Sözde sabah ilk trenle gidip, günü birlik bir gezi yapacaktım. Akşamdan kalma kafayla kalkmak ve gitmek ayrı bir meziyetti ama 2 dakikayla treni kaçırdım. Sonra ki trenle Viyana’ya gittim. Aklınızda bulunsun diye söylüyorum; Önceki gün aldığım 26 yaş altı indirim kartı ile tren yolculuğunu biraz daha ucuza getirdim. Aklınızda bulunması gereken diğer bir konuda tren istasyonlarında bekleyen fosforlu yeşilli yelekler giymiş ağabeyler.
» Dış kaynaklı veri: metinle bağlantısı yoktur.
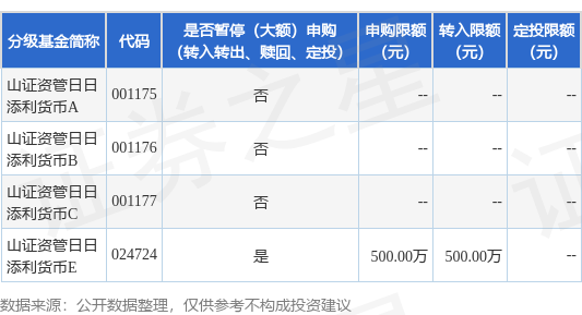 证券之星消息,12月17日山证(上海)资产管理有限公司发布《山证资管日日添利货币市场基金调整大额申购(转换转入、定期定额投资)限额的公告》。公告中提示,为保护投资者的利益,维护基金平稳运作,自2025年12月17日起山证资管日日添利货币市场基金调整大额申购(转换转入、定期定额投资)限额,下属分级基金调整明细如下:
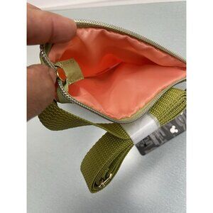 Winnie the Pooh, this fabric bag has an allover print of Pooh, Tigger, Eeyore and Piglet with flower doodles. Comes with a front zipper pocket, top zipper compartment and an adjustable crossbody strap.
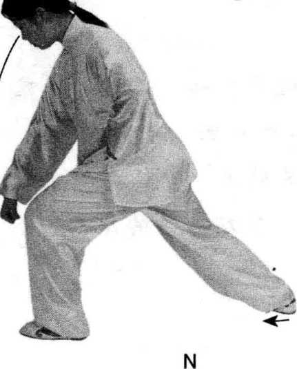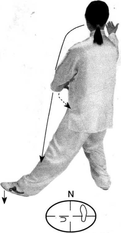 右腿屈膝微收,右脚向 右前(西)下落,脚跟着地, 左腿屈膝;同时右手随之向 下前伸,与胸同高,指尖向前 (西)手心向下,左手收至腹 前,手心向上,指尖向前,左 肘靠肋;眼看右手。
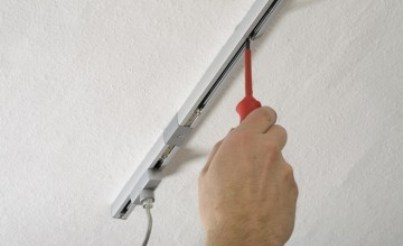 - Stromausfall im ganzen Raum. Dies ist notwendig für die sichere Demontage vorhandener Beleuchtung und die ordnungsgemäße Installation von Gleisanlagen.
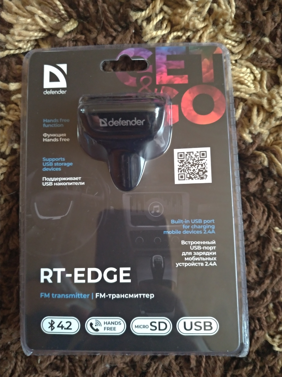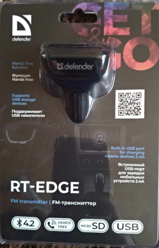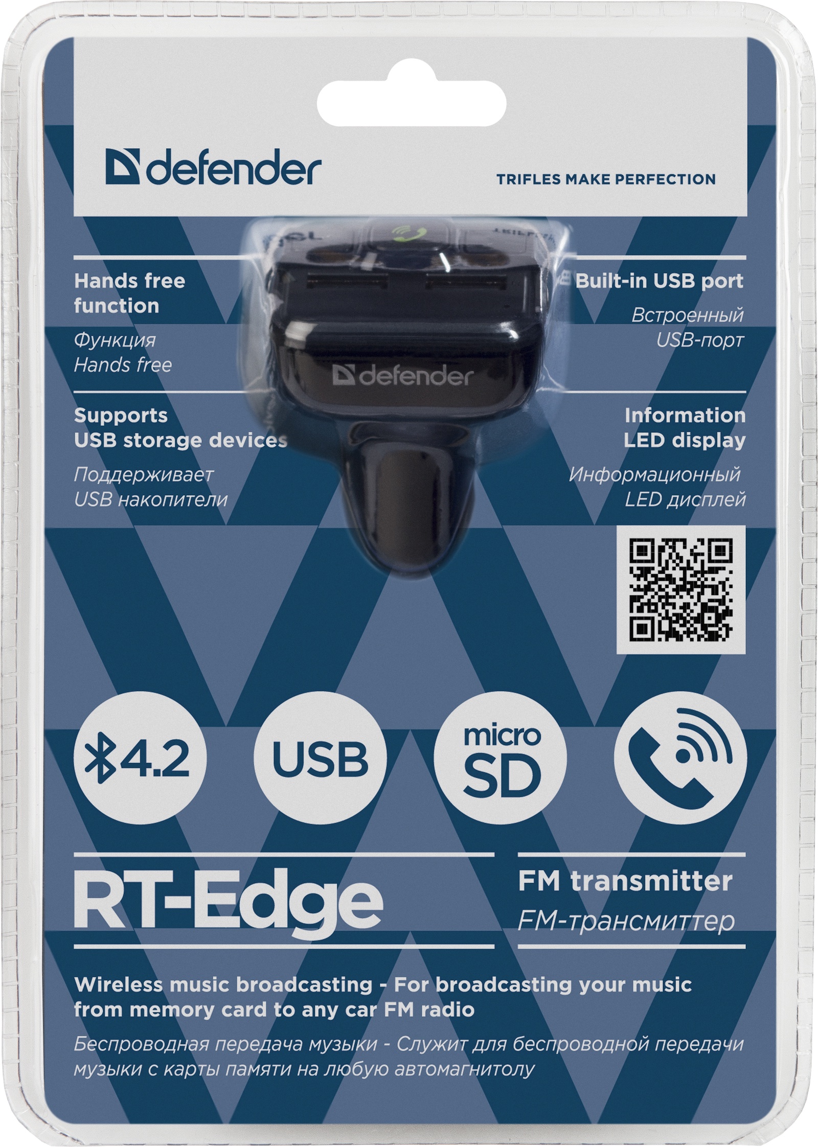 FM-трансмиттер Defender RT-Edge Bluetooth/HF, USB 2.4 A
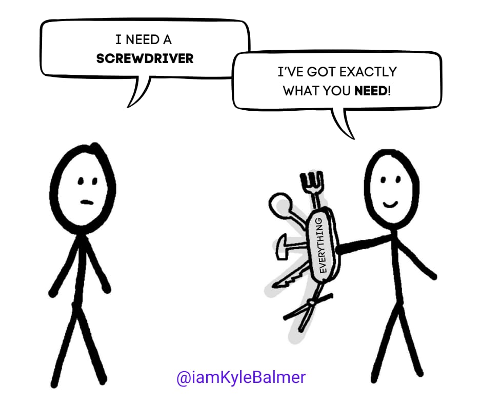 Imagine you're at a networking event. In one corner, there's someone talking about their "AI-powered productivity suite with 57 features to revolutionise your workflow." (Swiss Army Knife). In the other corner, there's you, saying, "My AI app writes email subject lines that double open rates."
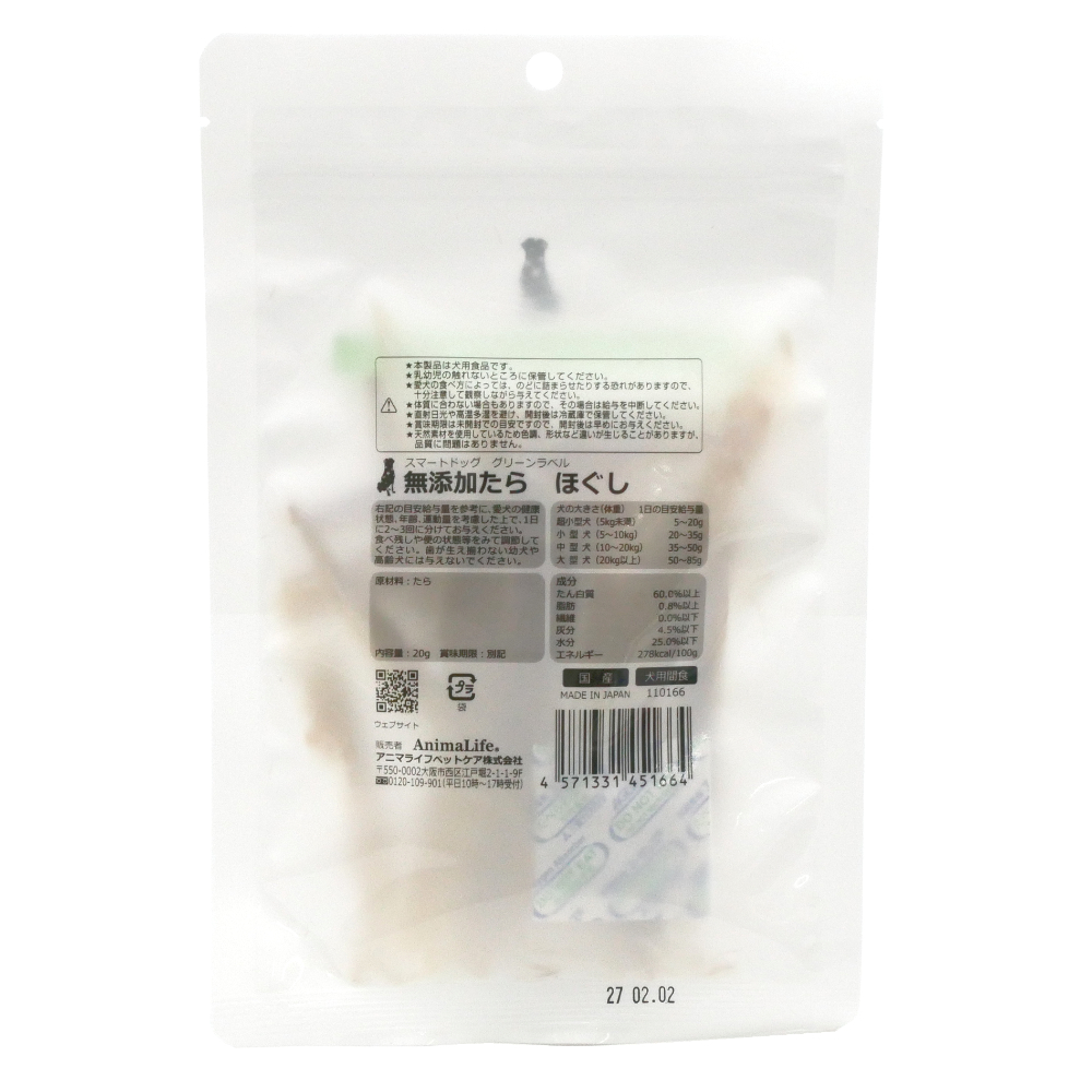 スマートドッグ グリーンラベル 無添加タラほぐし
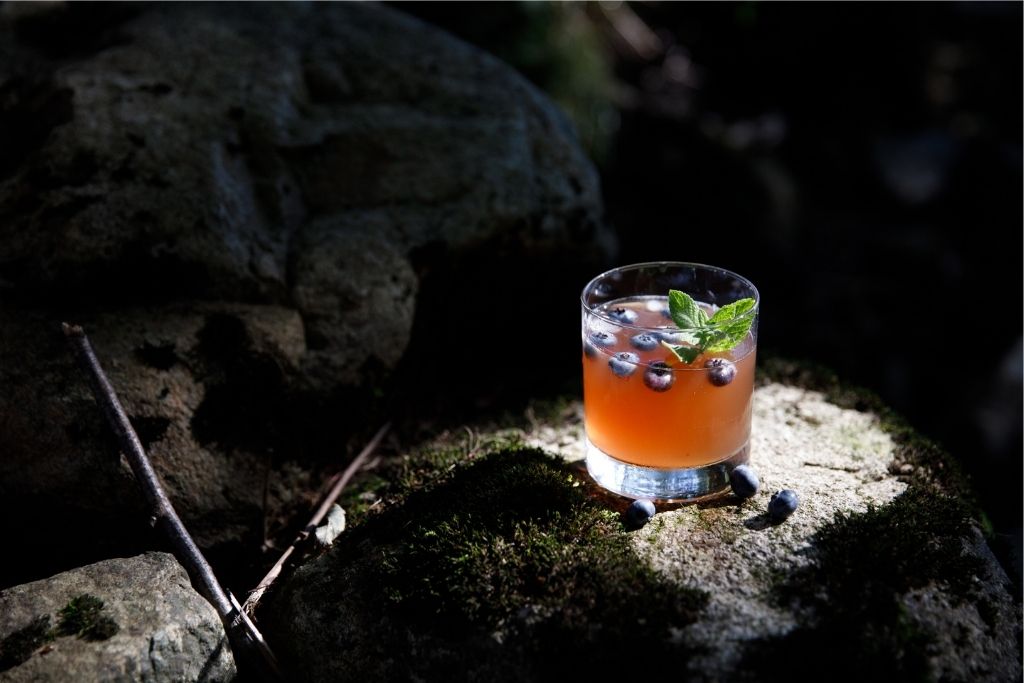 Add sparkling water and shake gently. Pour into a glass and garnish with fresh blueberries and a sprig of fresh mint.
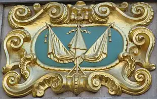 La façade est couronnée par un pignon à volutes de deux registres[5] comportant trois travées et trois fenêtres. Au registre inférieur, la travée centrale comprend une fenêtre à piédroits et impostes saillants portant un arc en plein cintre à clef saillante, surmonté d'un larmier courbe[5] mouluré à clé dorée, tandis que les travées latérales sont occupées chacune par une petite fenêtre et une petite baie aveugle. Le registre supérieur est percé d'un œil-de-bœuf ovale[5] surmonté d'un larmier et est orné de volutes, de boules dorées, de guirlandes de fleurs dorées. Ce pignon est sommé d'un larmier courbe surmonté d'un vase en pierre.
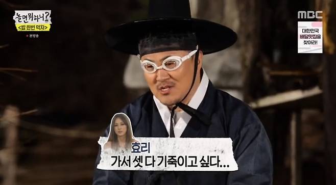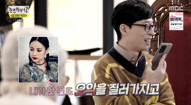 1월 23일 방송된 MBC '놀면 뭐하니'에서는 본캐 유재석과 김종민, 데프콘이 유저들과 함께한 '밥 한번 먹자' 라이브를 하는 모습이 공개됐다.
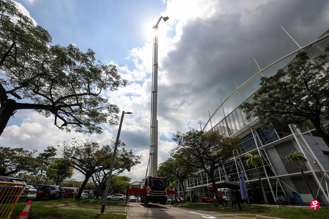 由我国研发,可伸展到比樟宜机场控制塔还高的新型90米消防云梯,首次在亚洲防火安全大会上亮相。
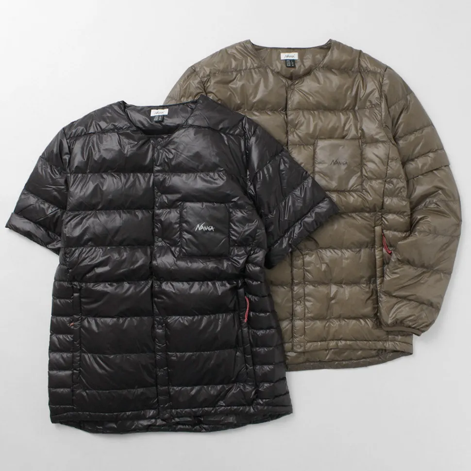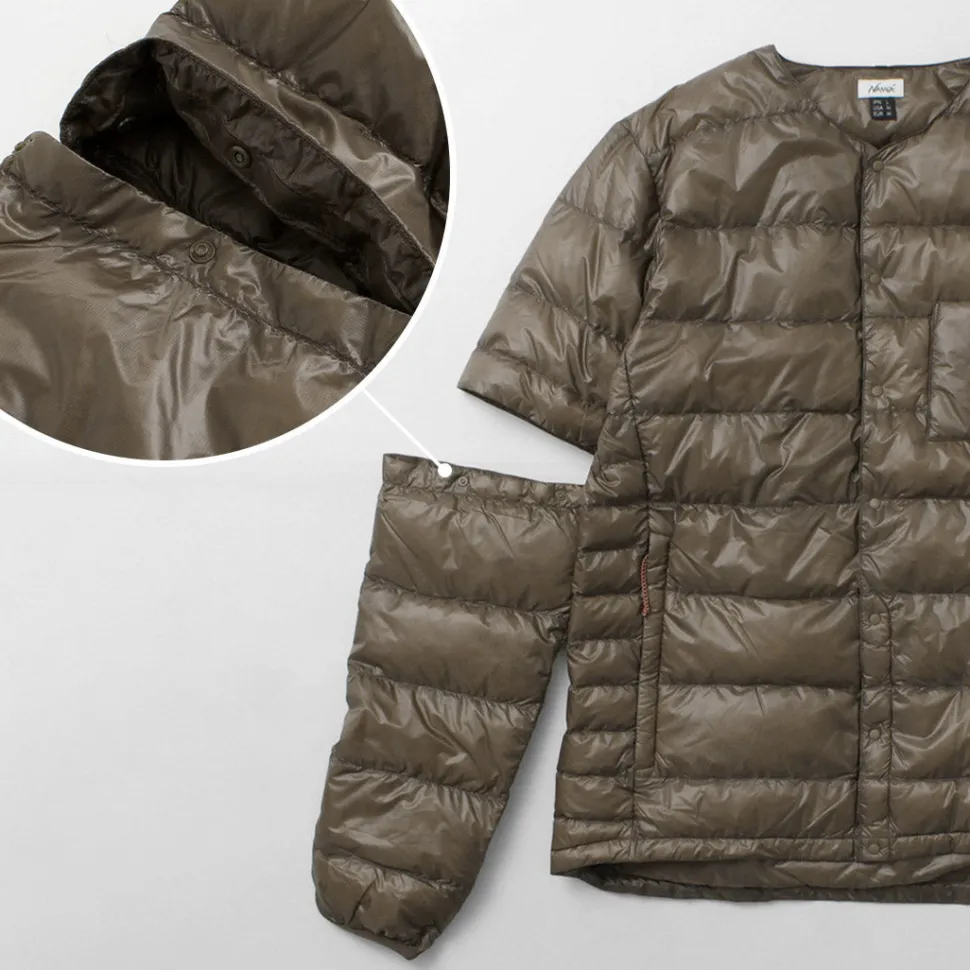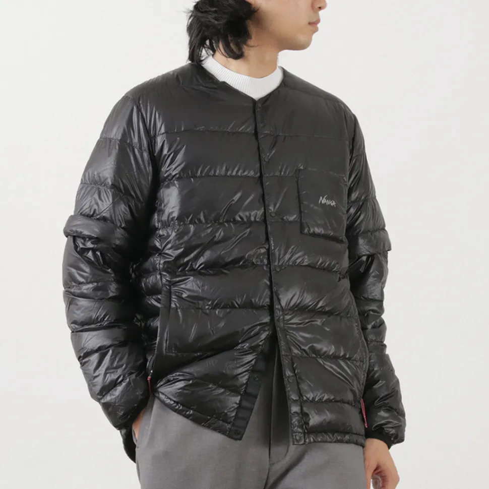 At first glance, this simple down cardigan has detachable sleeves and can be converted into a down tee. It can be worn as inner down as well as outerwear on its own.
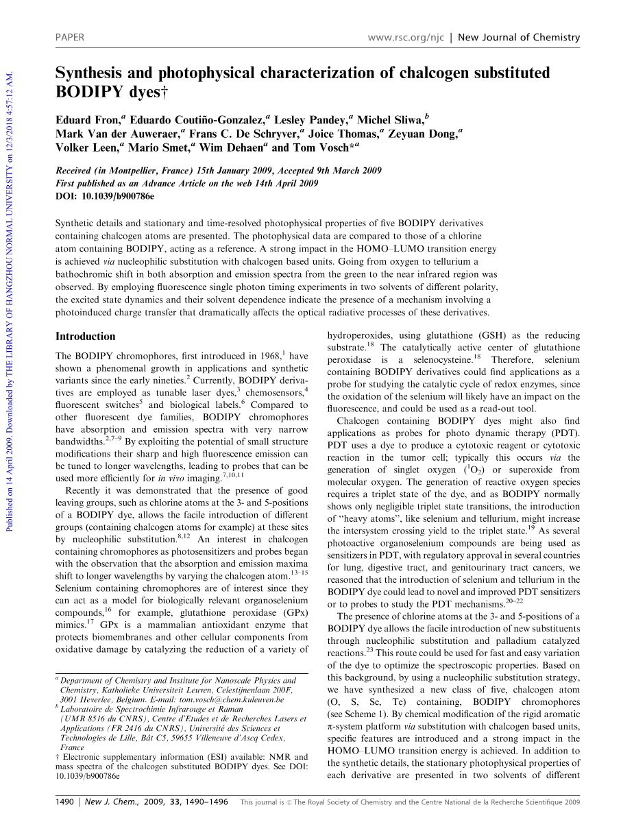 基于BODIPY荧光探针的合成及应用外文翻译资料
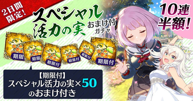 【2日間限定&10連半額!】スペシャル活力の実おまけ付ガチャ
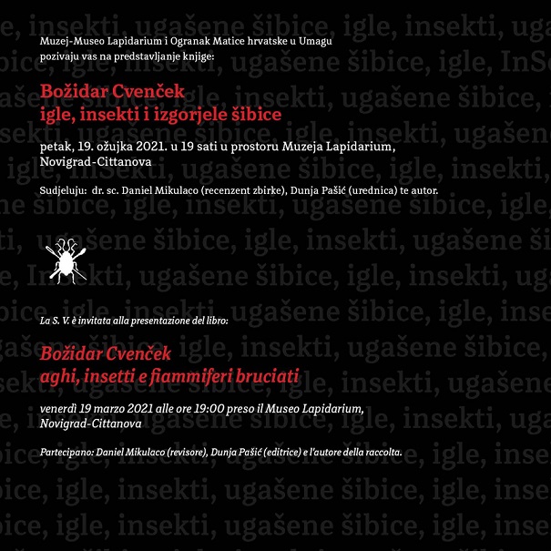 Svi ljubitelji poezije imat će priliku ovog petka, 19. ožujka, uživati u pjesničkoj večeri u prostoru Muzeja Lapidarium u Novigradu, gdje će se, s početkom u 19 sati, održati predstavljanje zbirke pjesama Božidara Cvenčeka, „Igle, insekti i izgorjele šibice”.
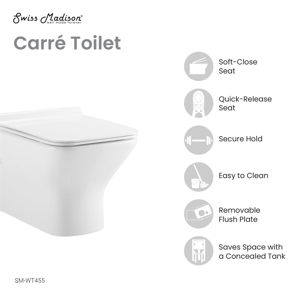Embrace geometric balance with the Carre collection, where clean lines and modern design principles take center stage. Optimize space and aesthetics with our wall-mount toilets, offering a clean and polished look with seamless integration. Offered in white with a glossy finish.
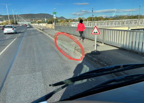 Pilisborosjenőn a Budai út és Bodza utca kereszteződésben mély kátyú.
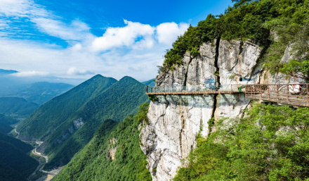 九重天景區(qū)位于豐都縣雙路鎮(zhèn)蓮花山,國家AAAA級景區(qū),距縣城15公里,景區(qū)核心景點玻璃棧道全長3.5公里,距離龍河谷底900余米,一座長達200余米、懸空高度達900余米的5D玻璃吊橋聳立于棧道之上,景區(qū)還有懸崖秋千、飛拉達攀巖、網(wǎng)紅大秋千等體驗項目,大人小孩皆可體驗。另外景區(qū)配備了天空之境、玫瑰長廊、風車長廊等網(wǎng)紅打卡點,讓網(wǎng)紅打卡者流連忘返。觀龍河峽谷絕美風光,體驗高空項目的驚險刺激。
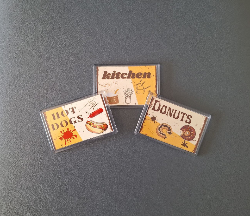 סט 3 מגנטים נוסטלגי קשיחים אקריליק – נקניקיה חמה, דונאטס וקצת סטייל למטבח שלך
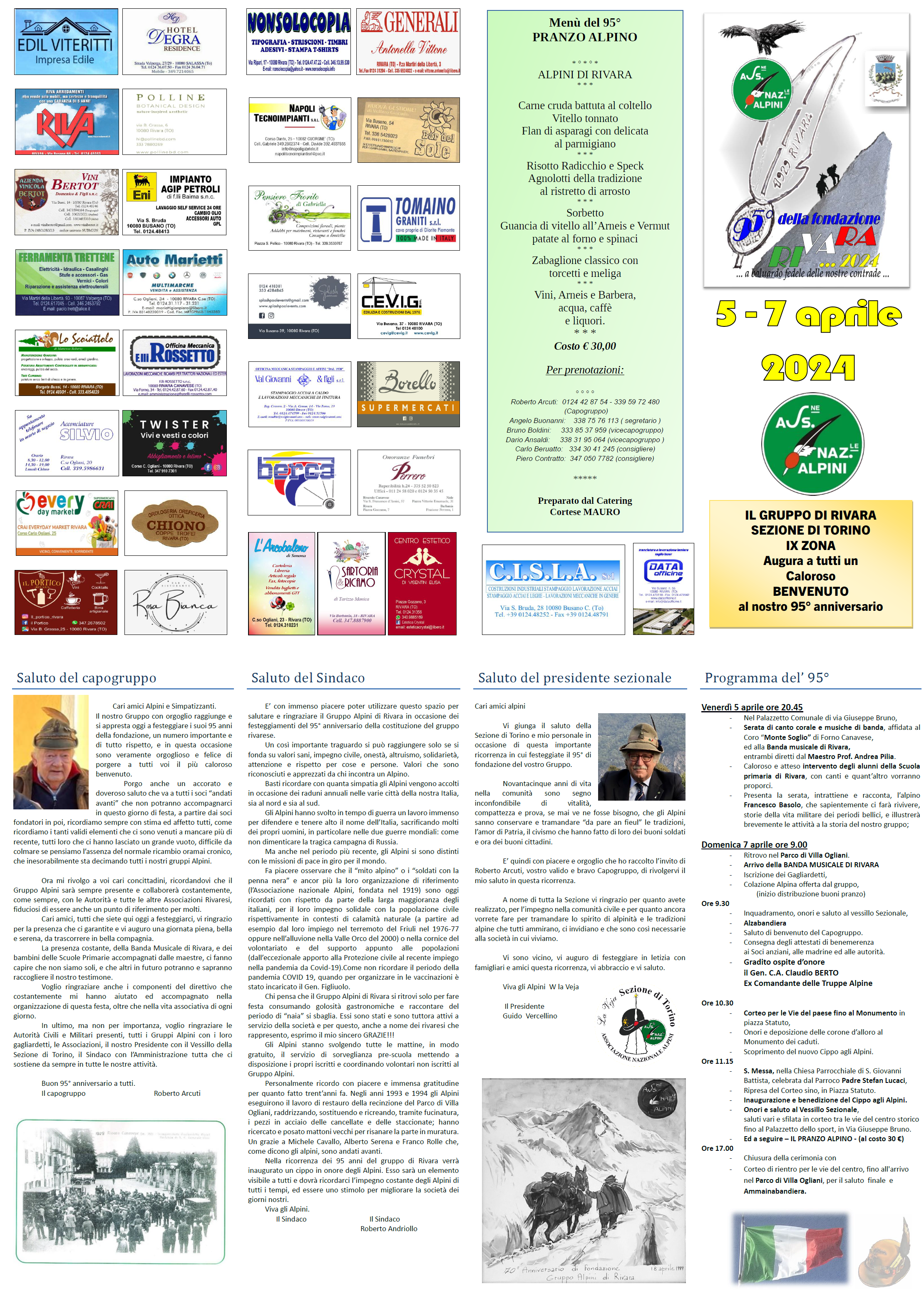 Domenica 7 Aprile 2024, il Gruppo ALPINI di Rivara festeggerà il 95° Anniversario della sua fondazione.

Nedense turist büroları kapalıydı ve bu ağabeyler bön bön etrafa bakan kişileri seçip yanlarına gidip "Turist bilgi noktası benim. Nasıl yardımcı olabilirim?" diyorlar. Şaşırmayın, gerçek anlamda turist danışmanları onlar. "Gezmeye geldim ama Viyana’yı kuşattığımızdan ötesini bilmiyorum. Çok değişmiş diyorlar. Gerçeklik payı var mıdır?" diye sordum. İlla o şaşırtacak değil ya. Önce bir harita çıkardı, şehrin tarihi merkezini ve nasıl gideceğimi anlattı, harita üzerine de çizdi, karaladı falan. Sonra istemesem de bilet almama yardımcı oldu. Bozukluğum yoktu, para bozdu geldi. En sonunda çok kral adammışsın diyerek ayrıldım yanından.

Öncelikle metro ve bilumum vesaitte boğuldum. Sonra gün yüzüne çıktığımda heykellerin Rusça yazılarla ve Türk korkusuyla dolduğunu gördüm. Gerek heykellerde gerekse resimlerde Türk orduları saçı ve bıyığından başka kılı olmayan, soluk benizli, iri yarı, avret mahalleri kürklerle örtülmüş şekilde tasvir edilir. Avrupa’da gördüğüm örnekler bu şekildedir. Bunların da her zaman öncü birliklerimiz olan Deliler olduğunu düşünürüm. Deliler derken hastalıktan ziyade gözü korkusuz, her türlü savaşa önde giren bir taburdan bahsediyorum. Bu heykel ve resimleri yapanlar veya onlara anlatan ozanlar Deliler’den ötesini görememiş olmalılar. Bu paragrafı yazmamın asıl sebebi bir kilise kapısında papaz heykelinin ayakları altında yatan yarı çıplak adamın üç hilalli kalkan taşıyor olmasıdır. Bu korkularının göstergesidir. Denizde hiçbir zaman güçlü olmamamıza rağmen (örn. İnebahtı Sakal Traşı) İtalyanlara "Mama il Turchi" dedirtmiş bir milletiz. Korkutmaktansa sevilmeyi isteyen bir milletiz bunu da böyle bilsinler.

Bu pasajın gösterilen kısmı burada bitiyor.